Mr. Bailey and I are currently enduring the specter of swim lessons for our darling Secondo, aged 3. This endearing experience involves greasing her down with sunscreen each afternoon right around the witching hour, wiggling into her bathing suit, remembering a towel, the right pair of goggles, a cool bottle of water, a snack for afterwards, an optional bribe and a pair of flip flops (either “Sparklies” or “Kitty-Cats” are usually the preferred choice).
If we are lucky, the swim lesson starts with a tentative smile. If we are unlucky, the swim lesson starts with a 20-minute scream fest and a lot of interest in other people’s kids as we pretend not to notice it is our darling girl who is screaming her head off to get out of the shallow end.
During these intense periods of profound interest in other people’s children I have noticed something unique about bathing suits these days. Mostly that they are more like swimming costumes of old.
Turtle-necked, long-sleeved, to-the-knee renditions of the wooly contraptions of old except in bathing suit material and the ugliest color palette ever created. Flourescent pinks and blues and greens, with exaggerated stitching for accents.
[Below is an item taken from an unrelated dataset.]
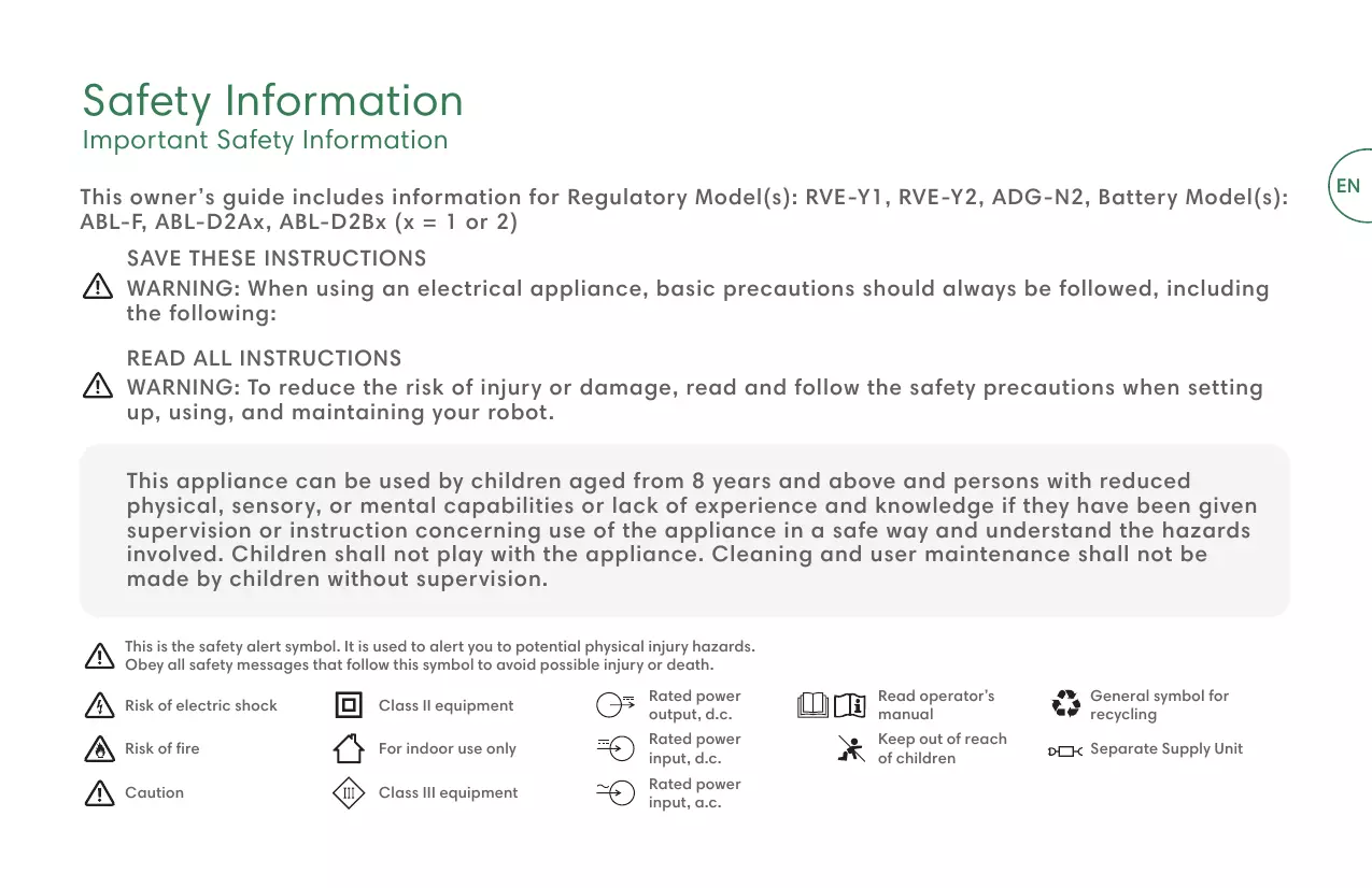 FR Ce guide du propriétaire comprend des renseignements sur les modèles de réglementation : RVE-Y1, RVE-Y2, ADG-N2, Batterie : ABL-F, ABL-D2Ax, ABL-D2Bx (x = 1 or 2) CONSERVER CES INSTRUCTIONS AVERTISSEMENT : lorsque vous utilisez un appareil électrique, vous devez respecter certaines précautions de base, notamment : LISEZ TOUTES LES INSTRUCTIONS AVERTISSEMENT: pour éviter tout risque de blessure ou de dommage, lisez et respectez les consignes de sécurité suivantes lors de la configuration, de l’utilisation et de l’entretien de votre robot. Cet appareil peut être utilisé par des enfants âgés de 8 ans et plus, et par des personnes ayant des capacités physiques, sensorielles ou mentales réduites, ou un manque d’expérience et de connaissances, si des conseils ou instructions leur ont été donnés concernant l’utilisation en toute sécurité de l’appareil et les dangers impliqués. Les enfants ne doivent pas jouer avec l’appareil. Le nettoyage et l’entretien par l’utilisateur ne doivent pas être effectués par des enfants sans surveillance. Voici le symbole d’alerte de sécurité. Il est utilisé pour vous informer d’éventuels risques de blessure. Respectez tous les messages de sécurité qui suivent ce symbole afin d’éviter tout risque de blessure ou de mort. Risque d’électrocution

Kids being kids, they still manage to look perfectly adorable in them in what look like heat-stroke inducing outfits.
Oh, plus, the costumes come with matching hats. Most with multiple panels, back, sides and sometimes, front. I have yet to see one with goggles built in, but you know that day is coming.
Loving, doting parents gingerly enter the pool with these swaddled children. Their hearts are pure — to protect their babies from the harmful effects of the throbbing summer sun. And I say good on them.
But I think about the days of my childhood, when suits wore out after about five days and then the sun just baked you right through your trunks or tankini so that by the end of the summer your skin was 10 times browner than your best pair of khakis.
And yes, we might have a few more wrinkles now, but we survived it, felt the suns strong rays egg us back into the pool, warm our legs as a breeze off of wet skin made it seem suddenly much cooler than it was.
Maybe we’ll go back to that one day — or maybe not. In the meantime, I’m enjoying ignoring whoever that kid is who is screaming for her MamaMAMAMAAAMAAA! in the toddler swim class, and taking in those gorgeous swimming costumes of 2010.